The decentering of the parties in the political ground moved the attention and the interest of citizens and their energies out from the traditional organizations recognized as mass parties. This detachment in the bottom-up support caused the slackening of the grasp of the political class on ruled class and on those organizations such as unions, associations and factions usually blended and confused with parties. As Burnham observed, parties had “the character of an item of luxury consumption in competition with other such items, an indoor sport involving a host of discrete players rather than the teams of old” (1967, 305).

Furthermore, the collapse of party activism and the difficulties to mobilize even their own membership forced parties to look for new and modern incentives to the participation. Material and solidary incentives, such as basic fringe benefits or social recognition, were already overcome in developed democracies and richer and secularized societies. (Clark, Wilson, 1961)
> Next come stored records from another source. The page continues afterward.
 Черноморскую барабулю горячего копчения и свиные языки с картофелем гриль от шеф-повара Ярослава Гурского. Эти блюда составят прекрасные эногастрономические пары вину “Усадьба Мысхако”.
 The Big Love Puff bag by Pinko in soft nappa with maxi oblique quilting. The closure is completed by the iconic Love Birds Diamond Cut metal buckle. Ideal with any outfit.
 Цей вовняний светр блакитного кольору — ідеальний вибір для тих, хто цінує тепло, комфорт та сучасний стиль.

For all these reasons, parties were obliged to find refuge elsewhere, away from the civil society, in order to survive and to secure the organization and the working of democratic life. As an instinctive resistance reaction, parties took shelter in an incompletely explored arena: the state. In this new context, parties have turned in quasi- governmental agencies or public utilities, focusing more on governmental functions and on the control of public resources and becoming more and more dependent on the state.
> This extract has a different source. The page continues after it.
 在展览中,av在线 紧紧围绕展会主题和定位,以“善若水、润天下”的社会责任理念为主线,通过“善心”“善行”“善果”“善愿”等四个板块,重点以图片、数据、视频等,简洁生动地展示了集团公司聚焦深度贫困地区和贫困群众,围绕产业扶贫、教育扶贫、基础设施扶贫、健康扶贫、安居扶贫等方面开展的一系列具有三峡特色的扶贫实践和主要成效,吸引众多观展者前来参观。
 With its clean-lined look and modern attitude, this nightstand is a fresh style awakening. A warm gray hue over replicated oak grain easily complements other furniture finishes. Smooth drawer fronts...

(Epstein, 1986; Biezen, 2004; Ignazi, 2012, 2014).

Rephrasing Sartori’s minimal definition of a party (1976, 63), we could define the modern parties as political groups identified by an official label that run at elections, and are capable of allocating, before or after the elections, public resources.

In recent years the space of domestic policy-making process in EU countries has been significantly restricted by European institutions: the progressive Europeanization promoted an integration on national ‘policies, politics and polities’ (Börzel and Risse, 2003) that asked also for policy coherence commitments and, especially in some countries, spending standards “by authoritative European rules” (Risse et al. 2001, 3).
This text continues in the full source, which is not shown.